*WHAT IS BEING ASKED*
Using the listing below, copy exactly each line from the one that has "dla dorosłego odbiorcy." through the one that has "到了游戏中期阶段,角色可以扩"; omit the pictures.

*INPUT RECORDS*

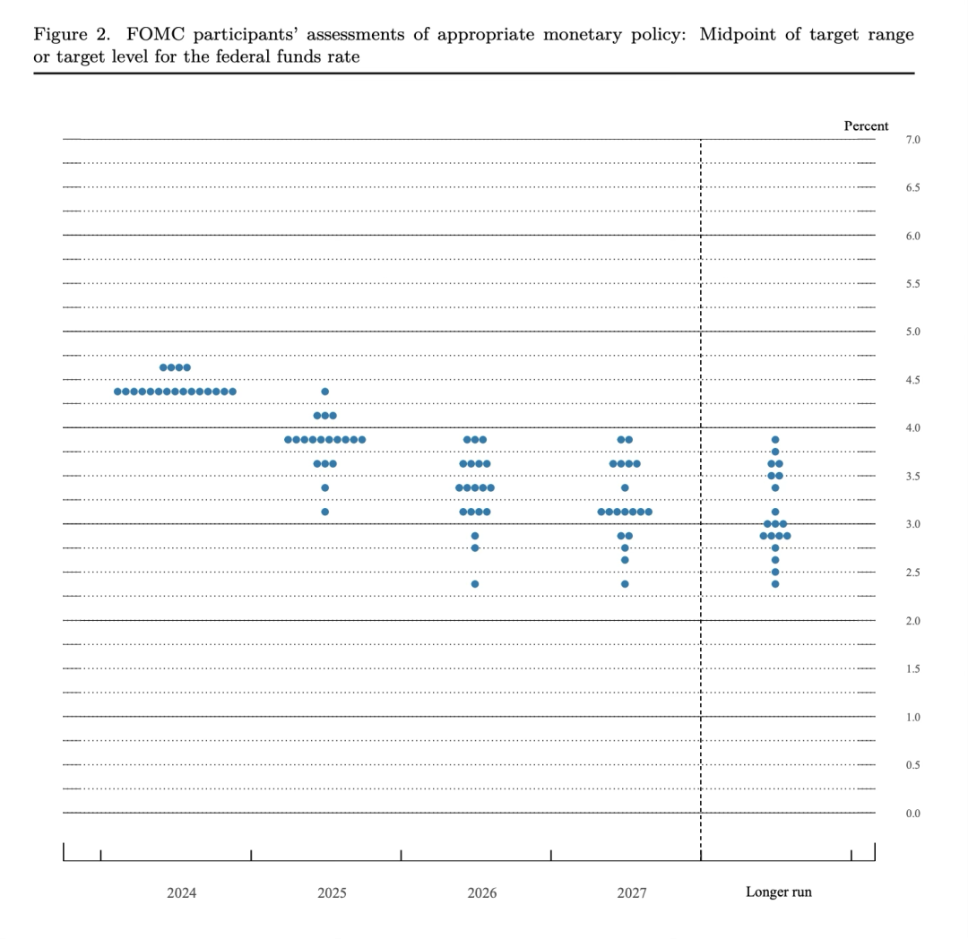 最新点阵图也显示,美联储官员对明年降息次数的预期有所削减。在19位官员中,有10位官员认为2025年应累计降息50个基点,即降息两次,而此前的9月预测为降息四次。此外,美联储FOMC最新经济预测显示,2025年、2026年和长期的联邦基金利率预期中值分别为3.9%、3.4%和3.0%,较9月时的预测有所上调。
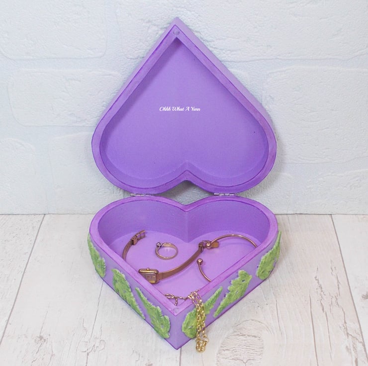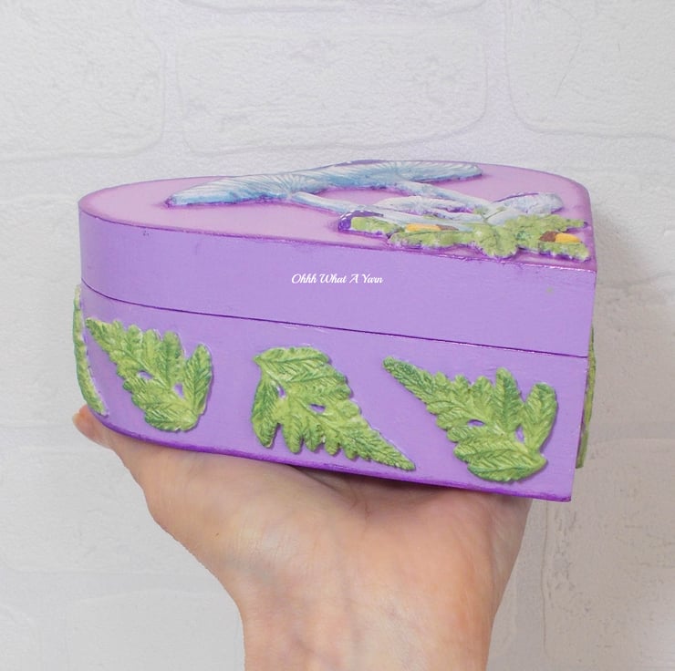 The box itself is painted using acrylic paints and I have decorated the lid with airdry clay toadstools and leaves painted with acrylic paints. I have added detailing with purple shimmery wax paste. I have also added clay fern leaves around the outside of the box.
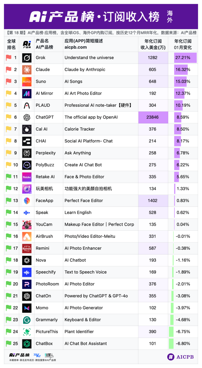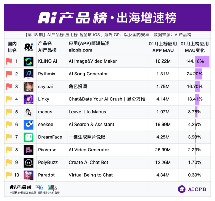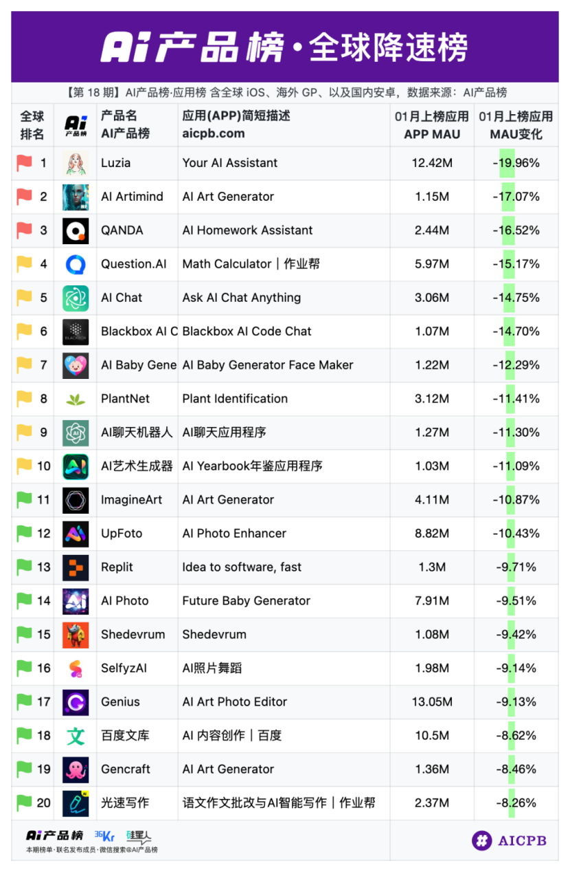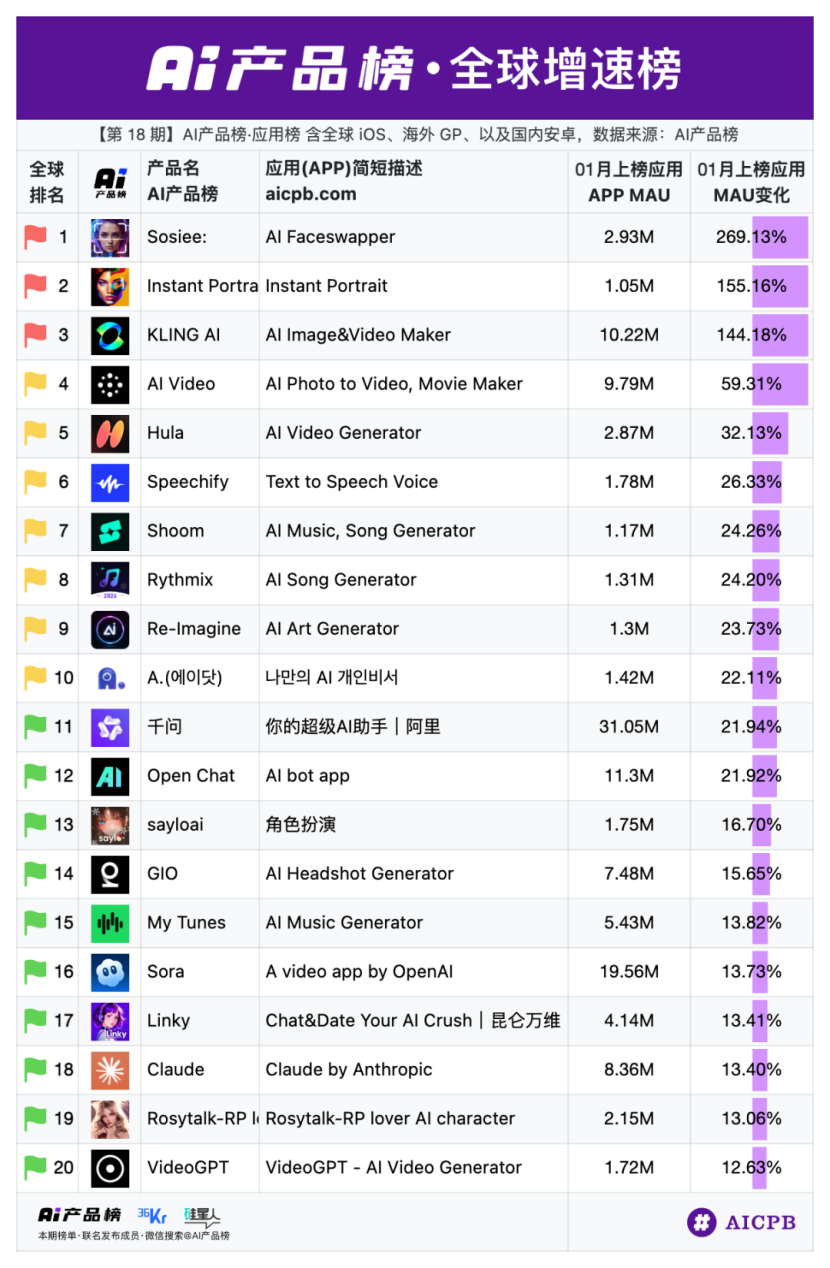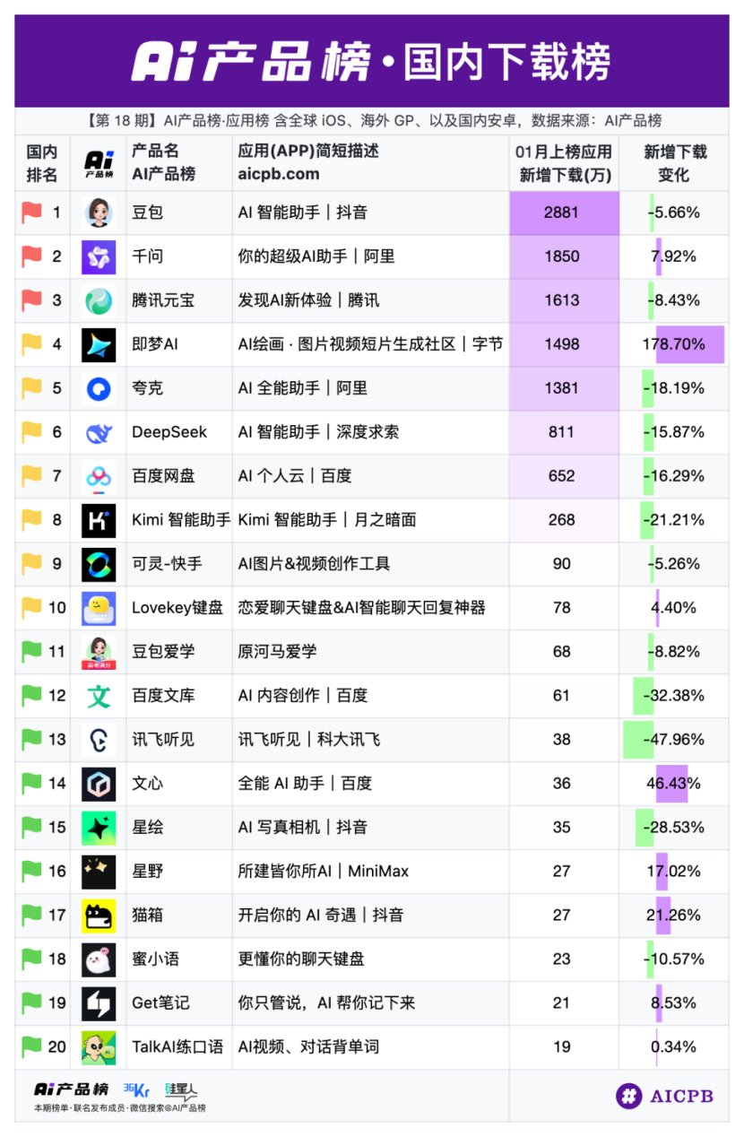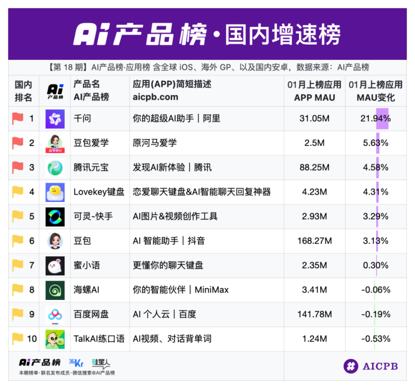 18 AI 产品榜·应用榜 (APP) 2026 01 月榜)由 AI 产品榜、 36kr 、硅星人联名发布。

...

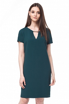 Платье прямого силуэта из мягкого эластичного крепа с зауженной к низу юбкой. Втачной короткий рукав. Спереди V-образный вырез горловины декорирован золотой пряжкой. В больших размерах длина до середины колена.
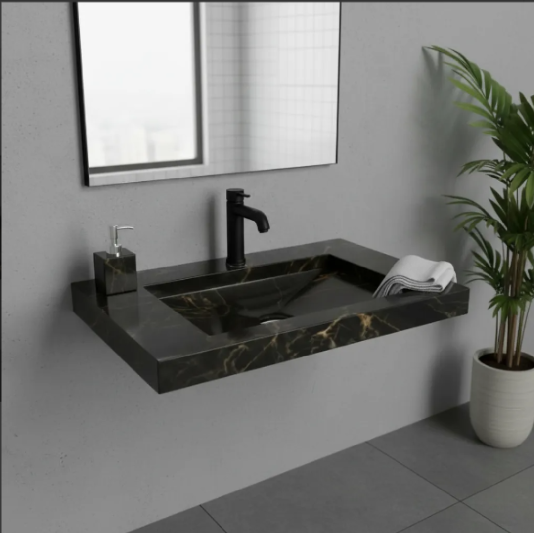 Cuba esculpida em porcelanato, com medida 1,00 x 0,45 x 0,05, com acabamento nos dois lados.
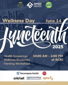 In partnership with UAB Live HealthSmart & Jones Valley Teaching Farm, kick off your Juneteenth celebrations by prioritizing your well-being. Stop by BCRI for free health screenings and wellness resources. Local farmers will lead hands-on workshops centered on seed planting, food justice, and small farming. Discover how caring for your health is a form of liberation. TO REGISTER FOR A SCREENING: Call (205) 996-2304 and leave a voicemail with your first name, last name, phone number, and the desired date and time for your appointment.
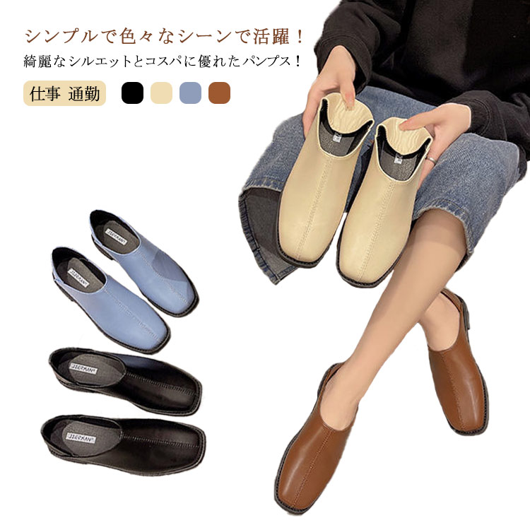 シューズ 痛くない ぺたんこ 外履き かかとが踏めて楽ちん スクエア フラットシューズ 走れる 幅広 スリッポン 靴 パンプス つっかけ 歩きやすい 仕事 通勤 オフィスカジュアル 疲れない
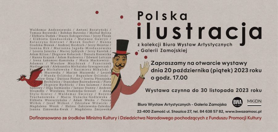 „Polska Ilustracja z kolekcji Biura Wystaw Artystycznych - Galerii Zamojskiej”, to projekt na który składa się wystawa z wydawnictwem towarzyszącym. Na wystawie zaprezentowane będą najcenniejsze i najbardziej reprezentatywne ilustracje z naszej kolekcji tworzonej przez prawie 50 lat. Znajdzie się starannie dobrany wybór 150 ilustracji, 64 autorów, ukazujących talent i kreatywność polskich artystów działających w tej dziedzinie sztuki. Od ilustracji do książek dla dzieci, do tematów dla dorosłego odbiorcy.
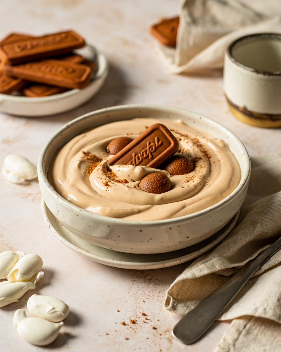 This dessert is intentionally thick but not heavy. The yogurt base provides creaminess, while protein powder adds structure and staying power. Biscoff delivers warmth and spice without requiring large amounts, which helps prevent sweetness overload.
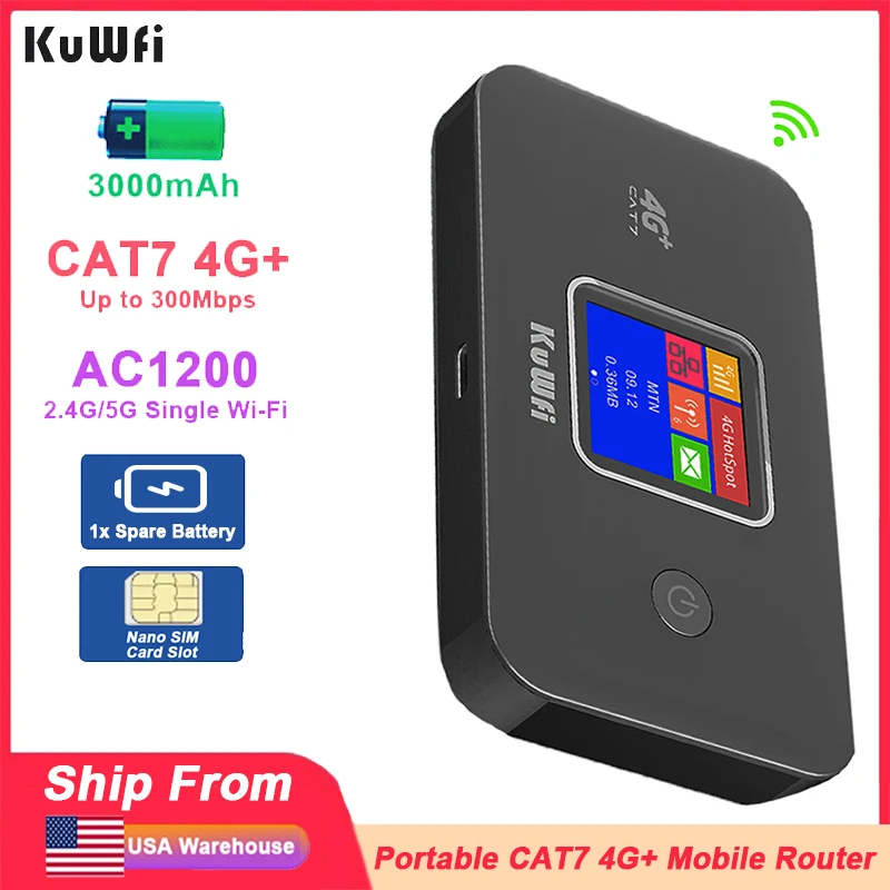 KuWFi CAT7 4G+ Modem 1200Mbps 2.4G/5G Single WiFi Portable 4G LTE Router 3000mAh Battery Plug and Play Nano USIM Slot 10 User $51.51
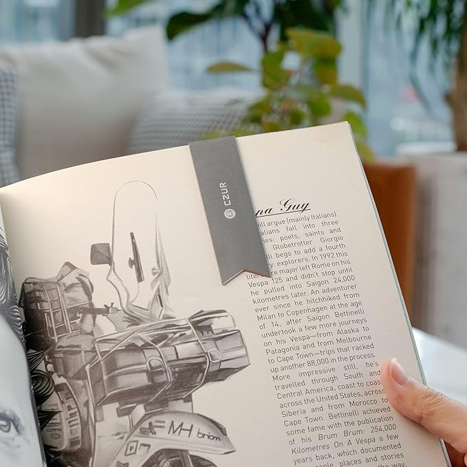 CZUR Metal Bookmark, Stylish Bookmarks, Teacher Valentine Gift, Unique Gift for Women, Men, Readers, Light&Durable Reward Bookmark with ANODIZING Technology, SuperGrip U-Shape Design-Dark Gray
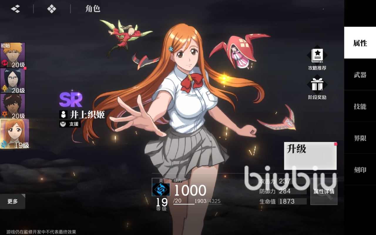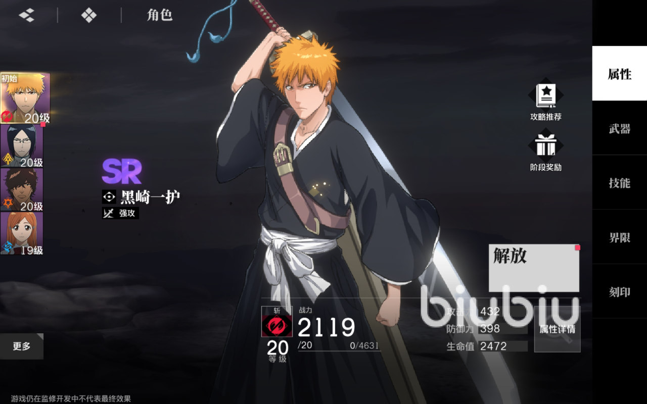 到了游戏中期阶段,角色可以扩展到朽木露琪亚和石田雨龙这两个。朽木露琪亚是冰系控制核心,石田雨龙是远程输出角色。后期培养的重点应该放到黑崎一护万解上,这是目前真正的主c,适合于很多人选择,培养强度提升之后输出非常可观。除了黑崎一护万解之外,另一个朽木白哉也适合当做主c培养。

*WRITTEN ANSWER*
 „Polska Ilustracja z kolekcji Biura Wystaw Artystycznych - Galerii Zamojskiej”, to projekt na który składa się wystawa z wydawnictwem towarzyszącym. Na wystawie zaprezentowane będą najcenniejsze i najbardziej reprezentatywne ilustracje z naszej kolekcji tworzonej przez prawie 50 lat. Znajdzie się starannie dobrany wybór 150 ilustracji, 64 autorów, ukazujących talent i kreatywność polskich artystów działających w tej dziedzinie sztuki. Od ilustracji do książek dla dzieci, do tematów dla dorosłego odbiorcy.
 This dessert is intentionally thick but not heavy. The yogurt base provides creaminess, while protein powder adds structure and staying power. Biscoff delivers warmth and spice without requiring large amounts, which helps prevent sweetness overload.
 KuWFi CAT7 4G+ Modem 1200Mbps 2.4G/5G Single WiFi Portable 4G LTE Router 3000mAh Battery Plug and Play Nano USIM Slot 10 User $51.51
 CZUR Metal Bookmark, Stylish Bookmarks, Teacher Valentine Gift, Unique Gift for Women, Men, Readers, Light&Durable Reward Bookmark with ANODIZING Technology, SuperGrip U-Shape Design-Dark Gray
 到了游戏中期阶段,角色可以扩展到朽木露琪亚和石田雨龙这两个。朽木露琪亚是冰系控制核心,石田雨龙是远程输出角色。后期培养的重点应该放到黑崎一护万解上,这是目前真正的主c,适合于很多人选择,培养强度提升之后输出非常可观。除了黑崎一护万解之外,另一个朽木白哉也适合当做主c培养。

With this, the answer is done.